→ THE PROBLEM:
Would you print the records below from the first line through the line containing "Cojin cuadrado con", skipping the pictures?

→ DATA FOR THE TASK:
---

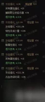 首饰部位手镯都是更强力的词条不会用上面这些词条,主要是项链、戒指。 项链和戒指的自定义词条一般除专属的2个词条后都要用公用词条,上图是魔女戒指的词条。有一个攻击强化和韧性条减少量+10%的词条,该词条一部分的情况下比20单属强强,一部分情况比20单属强强。但是强的很有限,基本可以当作同强度对待。 项链戒指的20全属强基本都是毕业词条,剩下一个词条在20单属强,18全属强,异常状态持续时间(包括中毒出血灼烧感电以及冰冻眩晕混乱石化等这一系列的词条都是同强度)在这里面有一个即可。基本上都是3.8以上的词条。 如果两条中没有20全属强的词条,而有两个截图中的同类词条也可作为3.5词条的自定义使用。 【特殊装备部位】
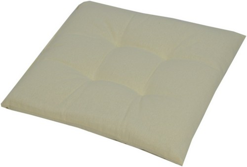 Cojin cuadrado con lazos y puntadas; Tejido mixto de Algodón Poliester; Relleno de poliester y Poliuretano expanso.
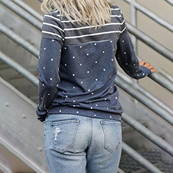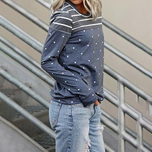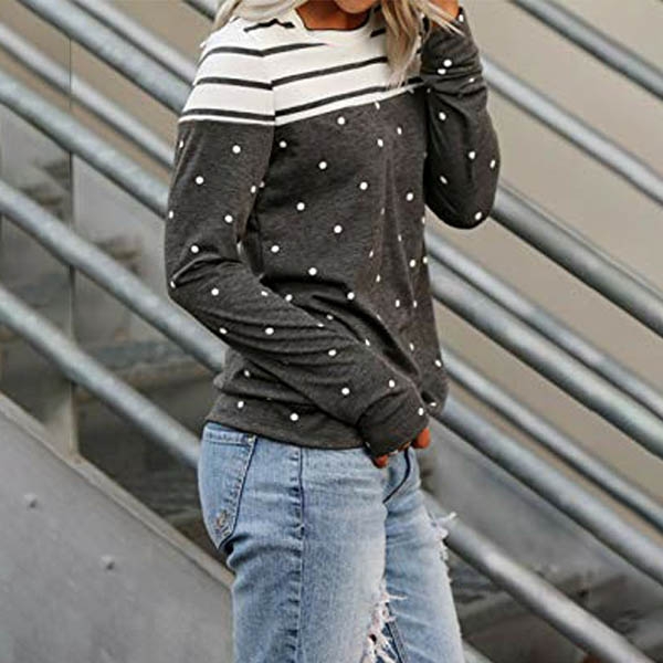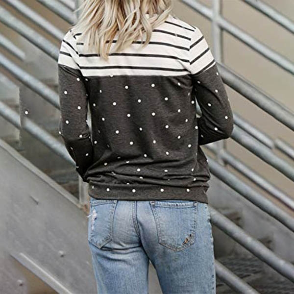 The striped spliced and dots printed details will make this piece look more attractive. Outfitted with
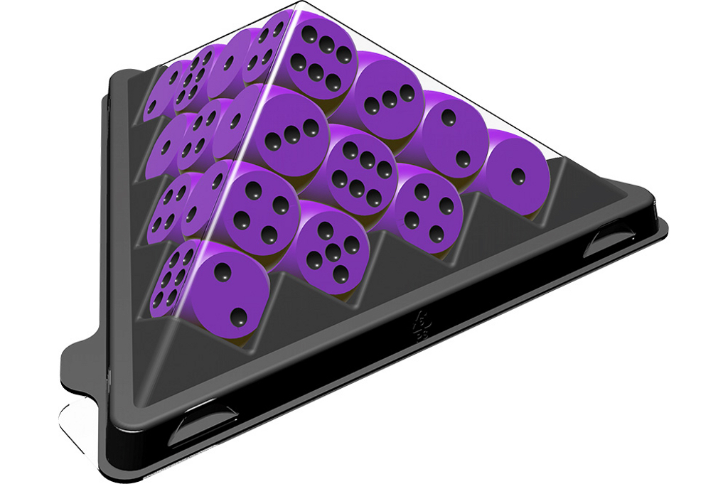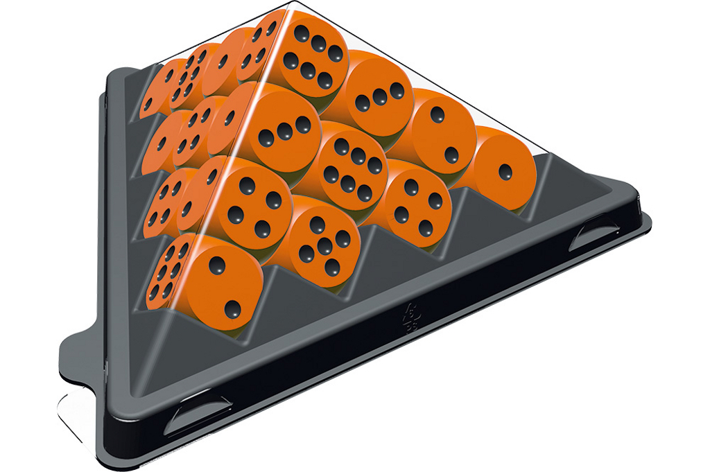 20 Würfel Kunststoff SAN in violett, orange oder grün. In Pyramidenbasis mit Abdeckung PET. 13,5*6 cm.
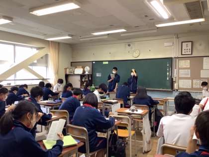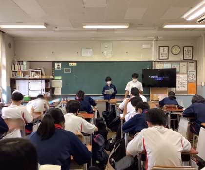 しおりの製本作業の後、学級委員が進行役を務め、内容の読み合わせをしました。

---

→ FINISHED TASK:
 首饰部位手镯都是更强力的词条不会用上面这些词条,主要是项链、戒指。 项链和戒指的自定义词条一般除专属的2个词条后都要用公用词条,上图是魔女戒指的词条。有一个攻击强化和韧性条减少量+10%的词条,该词条一部分的情况下比20单属强强,一部分情况比20单属强强。但是强的很有限,基本可以当作同强度对待。 项链戒指的20全属强基本都是毕业词条,剩下一个词条在20单属强,18全属强,异常状态持续时间(包括中毒出血灼烧感电以及冰冻眩晕混乱石化等这一系列的词条都是同强度)在这里面有一个即可。基本上都是3.8以上的词条。 如果两条中没有20全属强的词条,而有两个截图中的同类词条也可作为3.5词条的自定义使用。 【特殊装备部位】
 Cojin cuadrado con lazos y puntadas; Tejido mixto de Algodón Poliester; Relleno de poliester y Poliuretano expanso.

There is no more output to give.